На перекрёстке К. Маркса и Ласточкина  мы всегда приостанавливались, и я гордо осматривался по сторонам в стремлении непременно увидеть лица, завидующих мне мальчишек. Сейчас, спустя 60 лет мелькнула мысль, - «Так нарождается гордыня». И пусть!... А тогда?… А что тогда, малыш просто летал, «рулил», слушал звук чудесного мотора, и чувствовал себя летающим кенгурёнком. Разве не сказка?
Много лет спустя, в моих поездках в Китай наблюдал таких «кенгурят» тысячами в день, и каждый раз вспоминал те сказочные мои полёты. Удивительно, Китай возвращал меня в сказку детства, совсем далёкого от Поднебесной. Сам Китай - другая сказка, может, когда-нибудь расскажу и её… Как сегодня понимаю, притормаживали мы на единственном перекрёстке в пути для того, чтобы дядя Лёша выбрал, куда лучше ехать. Заехать в мой двор можно было с двух сторон, с Дерибасовской через перекрёсток с Карла Маркса, и с Ленина  напротив Оперного театра. Где было поменьше транспорта, там и ехали. Сто раз больше, конечно же, мне нравилось, когда мы сворачивали на Ласточкина к Опере. Ещё квартал, и мы выносимся на площадь перед ней, а впереди, за спуском к двум музеям и пароходской проходной, видно море. Это, будто мы набрали ещё большую высоту, и вот-вот, нас крылья вынесут в морской простор. И как всегда было жаль от того, что дядя Лёша сворачивал у театра вправо, и уже через минуту море исчезало, а мы въезжали в чёрный, всегда прохладный, длинный подъезд нашего дома.
Там начинался мой первый в жизни двор. Но это уже другая сказка. Дворовая.

 

Дорогой мой Эрисман...


 

Всю жизнь благодарен Фёдору Эрисману, придумавшему школьную парту. Она не позволяла детёнышу сутулиться, и предлагала смотреть на всё печатное под прямым углом. Не то, что нынче, - на всё искоса, и сгорбившись за тонконогим, холодно-бездушным столом. Та парта вся была сделана из массивного, главное, натурального дерева, тёплого в холод, прохладного в жару.
За такой партой вырастали прямые, стройные люди, с хорошим зрением и прямой осанкой.

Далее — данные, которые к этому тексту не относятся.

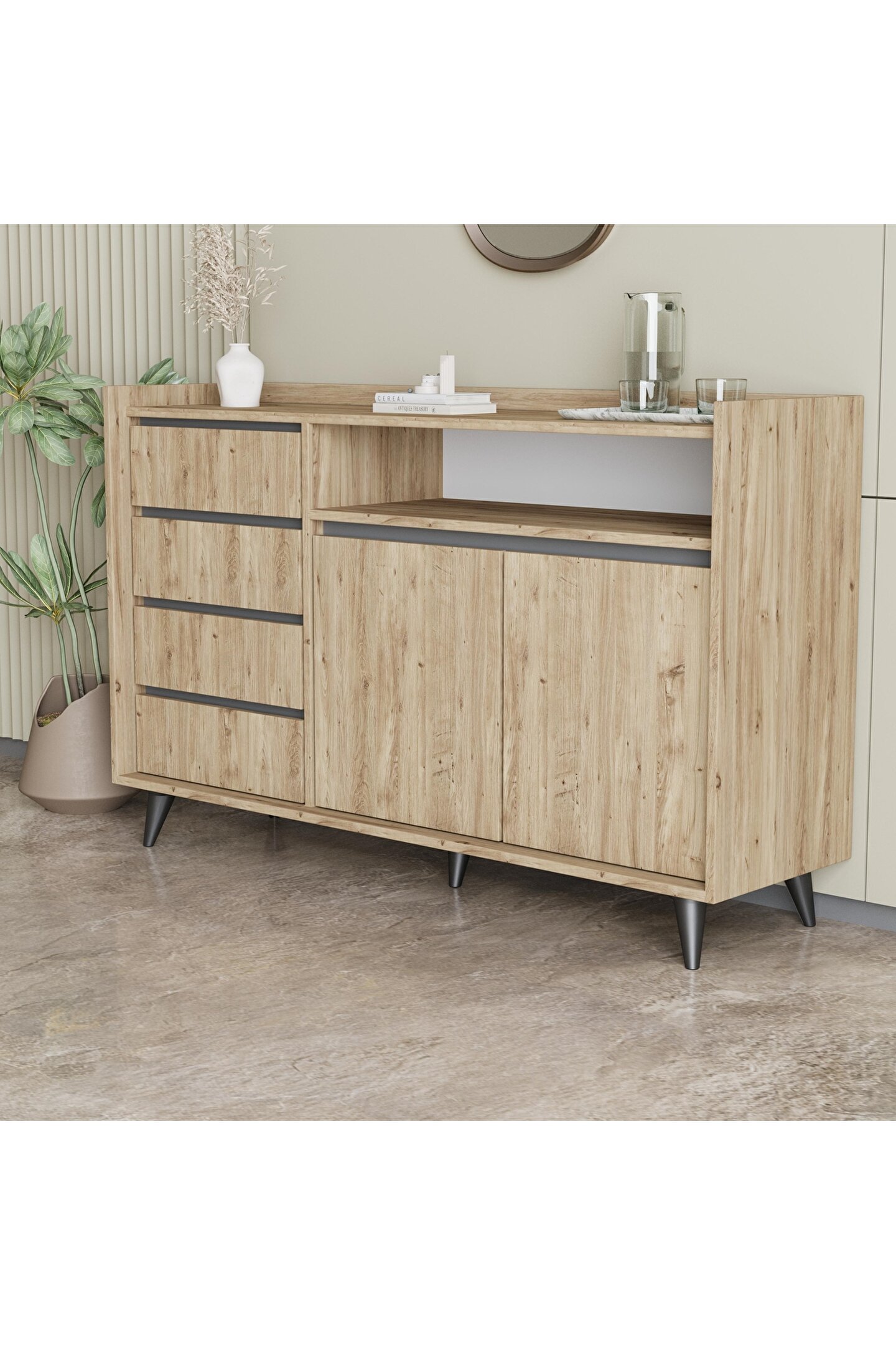 Genişliği 140 cm olan bu konsol, genişeşyalarınızı rahatça saklamanız için idealdir.

Особая благодарность простому ссыльному петербургскому студенту Короткову, который придумал эту парту двухместной, с откидной крышкой, лункой для чернильницы, желобками для ручки, и ящиком для учебников, тетрадок, а ещё - крючком для портфеля сбоку парты.
Главное здесь, что? Двухместность, скажу я вам!
И таки не надо делать мне глаза круглей, чем их придумал вам Господь!
Сейчас негде детям учиться сидению вдвоём на скамейке! Каждый учится сидеть на своём стуле.
Эта парта учила нас сидеть рядом, на одной скамейке, учила чувствовать тепло плеча, и локоть, сидящего рядом человека. Зимой, летом, слушая, читая, ваяя диктанты, контрольные, любовные записочки, играя в морской бой, рисуя всегда одинаковых принцессок, танки и, больше напоминающих цыплячий след на снегу, солдатиков.
Очень нужное умение. Умей люди это все с детства, жизнь играла бы другими красками, не плевалась бы во все стороны свинцом с ненавистью пополам.
Городской транспорт, самолёты не в счёт. Ну, что это… Посидели сколько-то, и разошлись-забыли.
А здесь, почти всё детство рядом, плечиком к плечику, не отодвинешься.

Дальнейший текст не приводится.